═════ Dataset excerpts
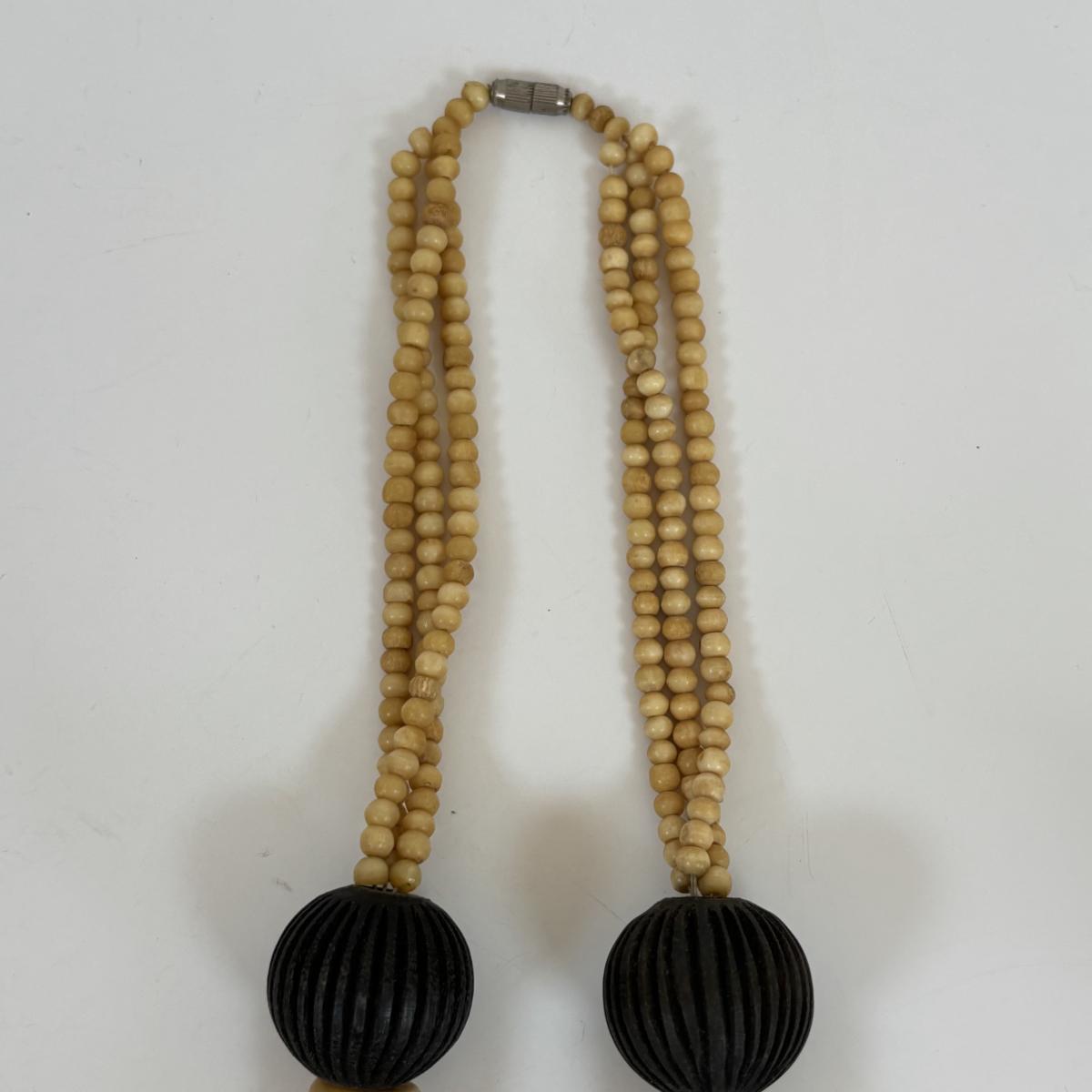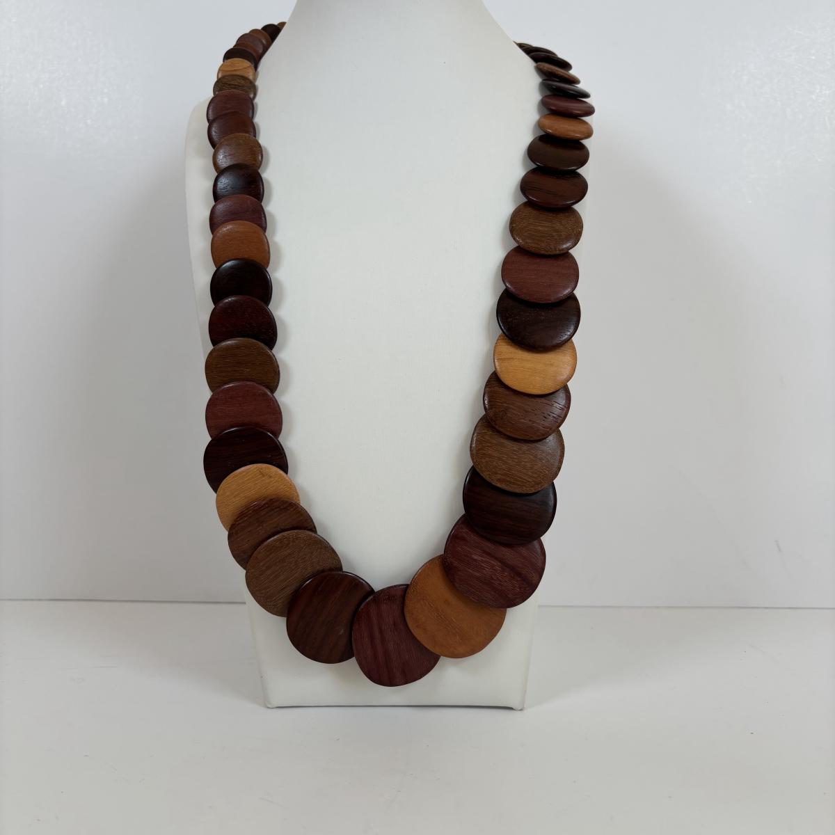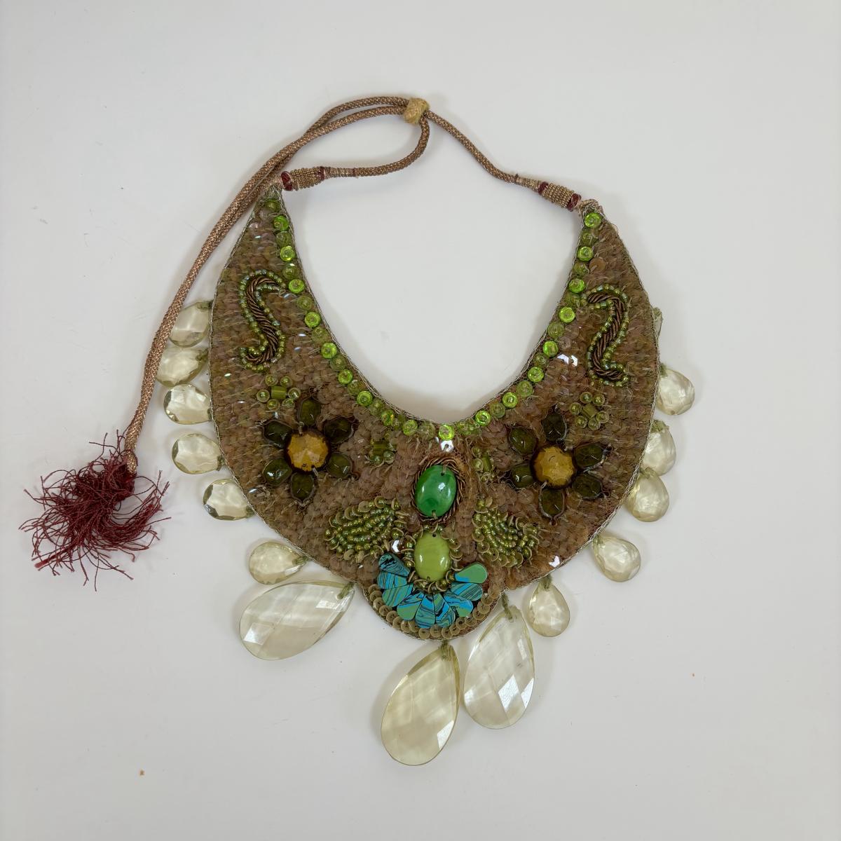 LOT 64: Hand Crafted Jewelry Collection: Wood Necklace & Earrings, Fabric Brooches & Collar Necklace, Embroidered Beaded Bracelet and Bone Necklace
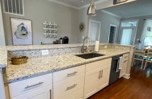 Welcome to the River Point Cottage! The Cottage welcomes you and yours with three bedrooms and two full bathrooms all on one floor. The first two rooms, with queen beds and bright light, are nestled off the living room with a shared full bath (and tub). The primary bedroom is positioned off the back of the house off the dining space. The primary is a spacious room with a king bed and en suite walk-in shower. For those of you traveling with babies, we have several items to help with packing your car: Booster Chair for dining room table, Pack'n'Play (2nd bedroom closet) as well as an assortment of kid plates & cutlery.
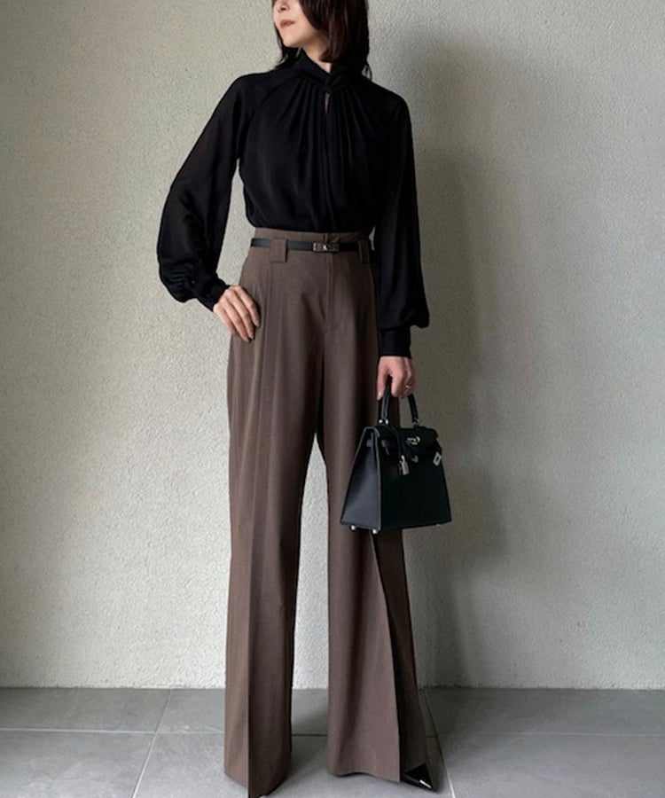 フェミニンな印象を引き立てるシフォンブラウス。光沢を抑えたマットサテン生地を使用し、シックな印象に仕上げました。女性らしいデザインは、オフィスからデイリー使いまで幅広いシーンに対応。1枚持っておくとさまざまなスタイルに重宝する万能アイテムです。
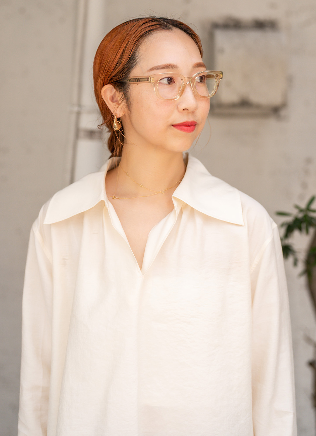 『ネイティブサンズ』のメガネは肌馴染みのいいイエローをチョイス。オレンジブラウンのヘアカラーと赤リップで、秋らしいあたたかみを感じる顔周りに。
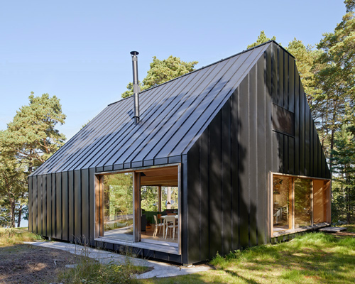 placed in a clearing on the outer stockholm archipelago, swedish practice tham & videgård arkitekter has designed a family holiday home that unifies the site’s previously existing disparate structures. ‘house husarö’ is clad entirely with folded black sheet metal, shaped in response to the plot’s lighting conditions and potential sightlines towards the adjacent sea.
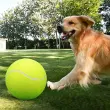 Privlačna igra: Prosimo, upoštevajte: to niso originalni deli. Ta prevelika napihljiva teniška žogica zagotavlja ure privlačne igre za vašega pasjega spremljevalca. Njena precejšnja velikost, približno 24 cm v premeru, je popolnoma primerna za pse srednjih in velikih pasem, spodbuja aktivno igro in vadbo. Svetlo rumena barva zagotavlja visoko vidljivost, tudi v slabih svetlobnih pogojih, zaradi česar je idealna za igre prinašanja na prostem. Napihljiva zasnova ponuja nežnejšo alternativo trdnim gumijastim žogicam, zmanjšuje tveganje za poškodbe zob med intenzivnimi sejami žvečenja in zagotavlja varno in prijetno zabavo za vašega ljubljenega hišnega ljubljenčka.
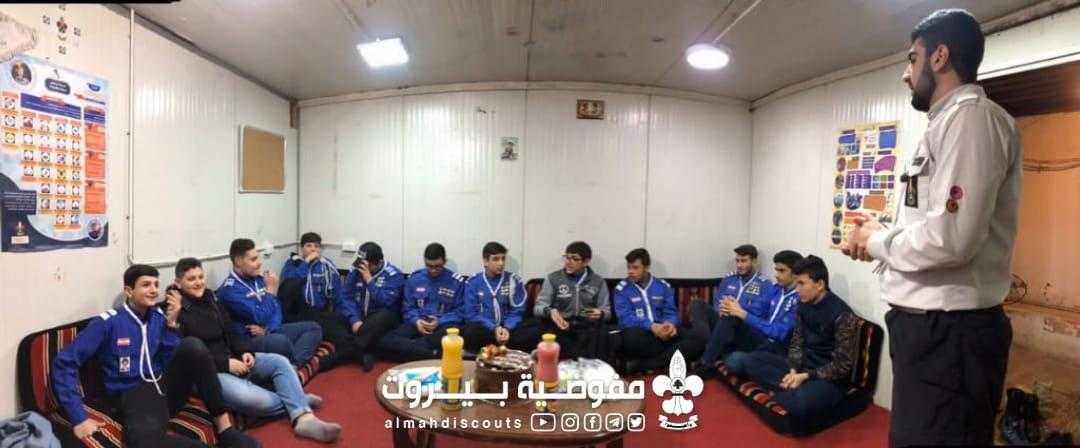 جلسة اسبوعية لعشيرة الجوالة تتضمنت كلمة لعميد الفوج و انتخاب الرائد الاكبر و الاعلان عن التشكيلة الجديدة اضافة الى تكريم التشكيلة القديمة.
══════════
═════ Dataset excerpts
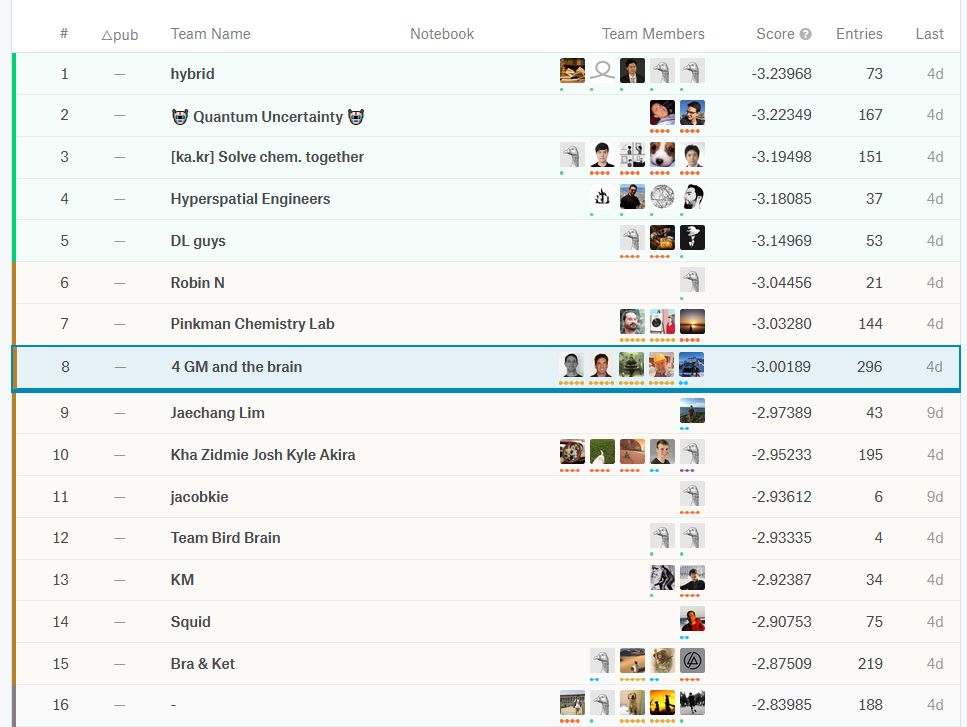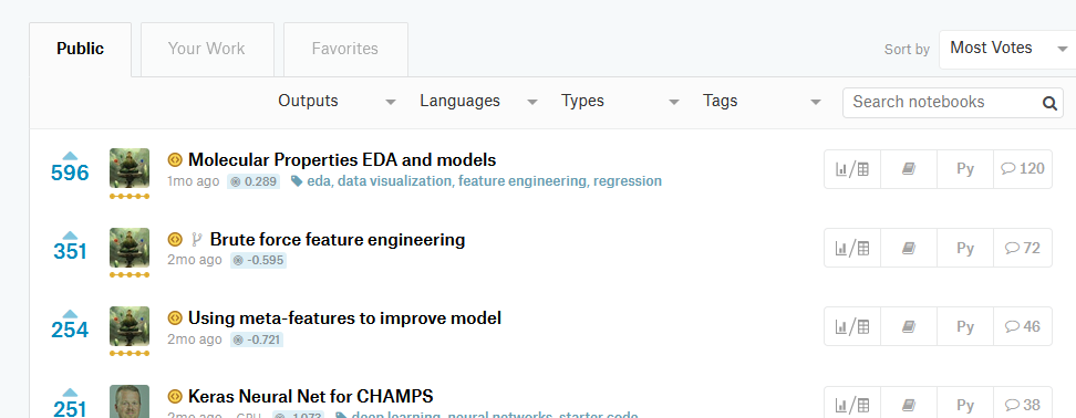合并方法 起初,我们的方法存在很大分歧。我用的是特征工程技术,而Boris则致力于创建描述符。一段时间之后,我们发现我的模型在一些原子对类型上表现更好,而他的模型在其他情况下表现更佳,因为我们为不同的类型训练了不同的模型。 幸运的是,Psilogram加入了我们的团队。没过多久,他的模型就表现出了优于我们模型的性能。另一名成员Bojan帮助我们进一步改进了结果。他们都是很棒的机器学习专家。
══════════
═════ Dataset excerpts
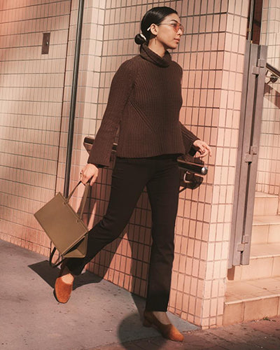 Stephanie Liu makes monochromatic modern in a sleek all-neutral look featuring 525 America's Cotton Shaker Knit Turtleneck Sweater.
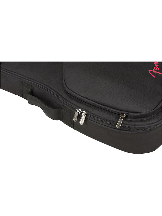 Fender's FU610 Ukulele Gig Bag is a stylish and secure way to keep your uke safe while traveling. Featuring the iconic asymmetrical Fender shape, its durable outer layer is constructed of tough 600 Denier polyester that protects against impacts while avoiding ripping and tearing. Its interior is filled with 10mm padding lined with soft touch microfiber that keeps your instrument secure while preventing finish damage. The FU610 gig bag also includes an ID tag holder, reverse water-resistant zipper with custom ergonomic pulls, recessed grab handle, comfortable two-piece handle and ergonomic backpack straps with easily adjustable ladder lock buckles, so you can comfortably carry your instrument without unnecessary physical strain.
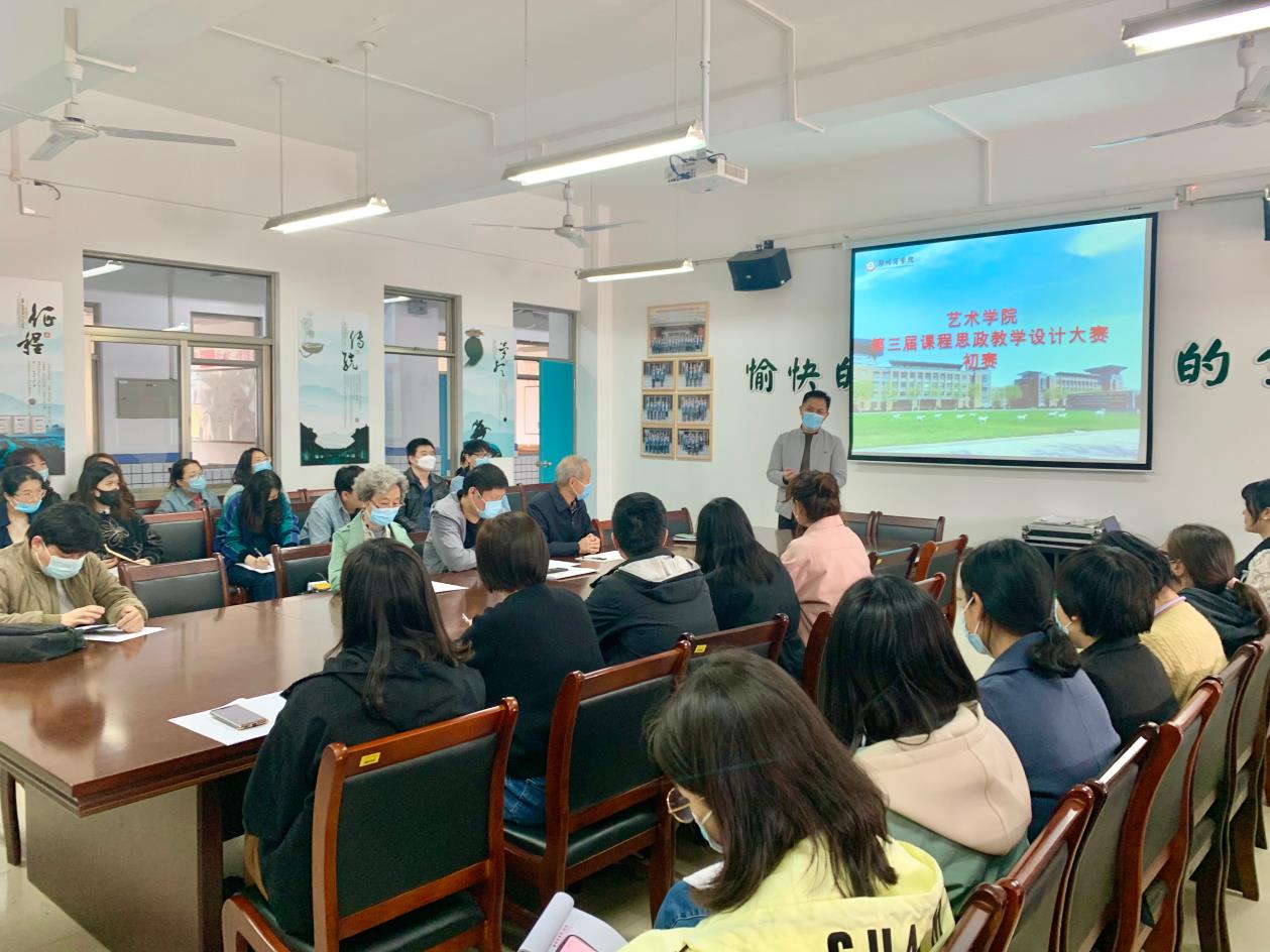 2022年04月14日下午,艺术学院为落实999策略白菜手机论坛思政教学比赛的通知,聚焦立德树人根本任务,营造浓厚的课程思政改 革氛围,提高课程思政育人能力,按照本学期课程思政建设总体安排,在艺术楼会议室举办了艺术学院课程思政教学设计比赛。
══════════
> **Try it**: Output exactly the stretch of the listing that begins at the line containing "placed in a" and ends at the line containing "Privlačna igra: Prosimo, upoštevajte: to", both kept. Omit pictures and everything else.

> **Completed task**:
 placed in a clearing on the outer stockholm archipelago, swedish practice tham & videgård arkitekter has designed a family holiday home that unifies the site’s previously existing disparate structures. ‘house husarö’ is clad entirely with folded black sheet metal, shaped in response to the plot’s lighting conditions and potential sightlines towards the adjacent sea.
 Privlačna igra: Prosimo, upoštevajte: to niso originalni deli. Ta prevelika napihljiva teniška žogica zagotavlja ure privlačne igre za vašega pasjega spremljevalca. Njena precejšnja velikost, približno 24 cm v premeru, je popolnoma primerna za pse srednjih in velikih pasem, spodbuja aktivno igro in vadbo. Svetlo rumena barva zagotavlja visoko vidljivost, tudi v slabih svetlobnih pogojih, zaradi česar je idealna za igre prinašanja na prostem. Napihljiva zasnova ponuja nežnejšo alternativo trdnim gumijastim žogicam, zmanjšuje tveganje za poškodbe zob med intenzivnimi sejami žvečenja in zagotavlja varno in prijetno zabavo za vašega ljubljenega hišnega ljubljenčka.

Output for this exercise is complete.